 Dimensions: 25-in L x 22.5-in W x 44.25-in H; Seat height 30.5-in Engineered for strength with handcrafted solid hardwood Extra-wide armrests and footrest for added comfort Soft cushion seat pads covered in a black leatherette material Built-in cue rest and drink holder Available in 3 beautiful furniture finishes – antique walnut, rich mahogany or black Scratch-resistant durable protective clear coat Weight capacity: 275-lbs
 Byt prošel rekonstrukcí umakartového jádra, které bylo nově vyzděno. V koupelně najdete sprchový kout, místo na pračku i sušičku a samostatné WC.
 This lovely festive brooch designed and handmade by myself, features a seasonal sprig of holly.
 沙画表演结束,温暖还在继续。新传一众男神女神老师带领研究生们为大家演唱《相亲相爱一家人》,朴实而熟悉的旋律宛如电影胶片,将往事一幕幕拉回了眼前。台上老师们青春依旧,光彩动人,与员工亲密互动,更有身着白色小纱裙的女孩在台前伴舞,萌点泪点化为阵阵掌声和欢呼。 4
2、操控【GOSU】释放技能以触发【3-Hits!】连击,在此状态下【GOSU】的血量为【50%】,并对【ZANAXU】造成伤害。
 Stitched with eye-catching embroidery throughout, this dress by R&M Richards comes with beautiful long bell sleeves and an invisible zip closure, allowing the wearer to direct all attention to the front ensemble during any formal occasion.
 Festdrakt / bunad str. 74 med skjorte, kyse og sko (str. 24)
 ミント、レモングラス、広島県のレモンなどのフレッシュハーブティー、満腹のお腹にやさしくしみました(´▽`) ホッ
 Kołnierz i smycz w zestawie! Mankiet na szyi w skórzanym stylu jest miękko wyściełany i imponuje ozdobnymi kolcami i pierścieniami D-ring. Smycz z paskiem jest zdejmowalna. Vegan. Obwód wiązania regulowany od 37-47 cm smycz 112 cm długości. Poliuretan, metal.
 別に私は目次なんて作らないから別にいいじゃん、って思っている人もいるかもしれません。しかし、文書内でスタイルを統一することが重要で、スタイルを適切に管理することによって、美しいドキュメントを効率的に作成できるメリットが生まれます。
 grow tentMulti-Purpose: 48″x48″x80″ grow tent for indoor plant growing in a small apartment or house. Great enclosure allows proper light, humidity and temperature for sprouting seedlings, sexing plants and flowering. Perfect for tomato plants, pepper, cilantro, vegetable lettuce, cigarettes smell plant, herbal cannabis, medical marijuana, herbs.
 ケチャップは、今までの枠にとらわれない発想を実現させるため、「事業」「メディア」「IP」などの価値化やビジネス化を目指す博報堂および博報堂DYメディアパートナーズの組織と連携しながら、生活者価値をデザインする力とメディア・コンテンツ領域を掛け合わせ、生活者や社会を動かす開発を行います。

_EXERCISE DIRECTIONS_. Copy exactly, and only, the lines from the line that contains "別に私は目次なんて作らないか" through the end of the data above.

_ANSWER AREA_.
 別に私は目次なんて作らないから別にいいじゃん、って思っている人もいるかもしれません。しかし、文書内でスタイルを統一することが重要で、スタイルを適切に管理することによって、美しいドキュメントを効率的に作成できるメリットが生まれます。
 grow tentMulti-Purpose: 48″x48″x80″ grow tent for indoor plant growing in a small apartment or house. Great enclosure allows proper light, humidity and temperature for sprouting seedlings, sexing plants and flowering. Perfect for tomato plants, pepper, cilantro, vegetable lettuce, cigarettes smell plant, herbal cannabis, medical marijuana, herbs.
 ケチャップは、今までの枠にとらわれない発想を実現させるため、「事業」「メディア」「IP」などの価値化やビジネス化を目指す博報堂および博報堂DYメディアパートナーズの組織と連携しながら、生活者価値をデザインする力とメディア・コンテンツ領域を掛け合わせ、生活者や社会を動かす開発を行います。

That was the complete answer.